Небо распахнулось, как дамский лиф,
Облачные груди раскрыв.
Длиннеет… Свежеет… Стальной полосою
Ветер бьет в лица и в газовый свет,
И над бульваром машет косою,
В гимнастный костюм одет,
Плешивый скелет.
«Я осталась одна и мне стало скучно…»
Я осталась одна и мне стало скучно…
Около лежал мой двухнедельный ребенок…
Было октябрьски… Разноцветились юбочки-тучи,
И черти выглядывали из под кучи пеленок…
И мне стало истерически скучно и печально…
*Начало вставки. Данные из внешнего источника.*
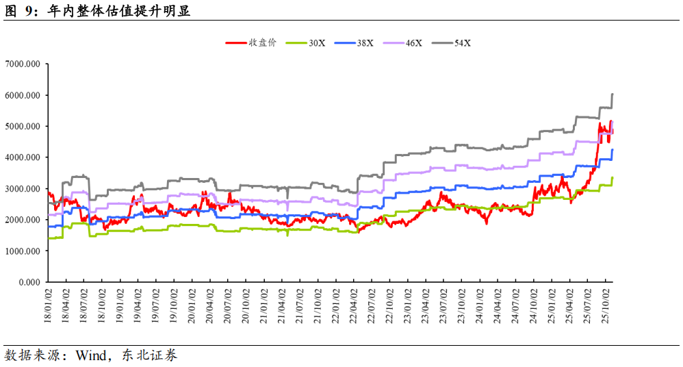 牛市进攻性明显,走势强于大盘。截至2025年11月7日,申万通信指数收盘报4,864.72点,年内累计收益率达63.37%,显著跑赢上证指数(19.27%)、深证成指(28.70%)和创业板指(49.80%)。全年来看,通信指数在4-5月份受中美关税冲突影响较为明显,7-8月表现突出,区间涨幅达48.86%,远超同期上证指数(12.01%)和深证成指(21.32%),超额收益显著。

– (Ах, почему Вы не понимаете, что такое тоска?!) –
Я от боли утончилась и слегка одичала,
И невольно к подушке протянулась рука.
И вот этою самой голубой подушкой
С хохотом я задушила ребенка…
Я помню его торчащие уши
И то, что из прически выпала гребенка.
Подошла к окошку, побарабанила звонко,
Улыбнулась в прыгнувший ветер, в стужу,
Подошла к висячему телефону
И обо всем сообщила удивленному мужу.
Подмигнула чертям на электролюстре,
Одела серое платье, чтоб быть похожей на тучи…
Вы понимаете, что все это было от грусти!
Отчего же врачи говорили про патологический случай?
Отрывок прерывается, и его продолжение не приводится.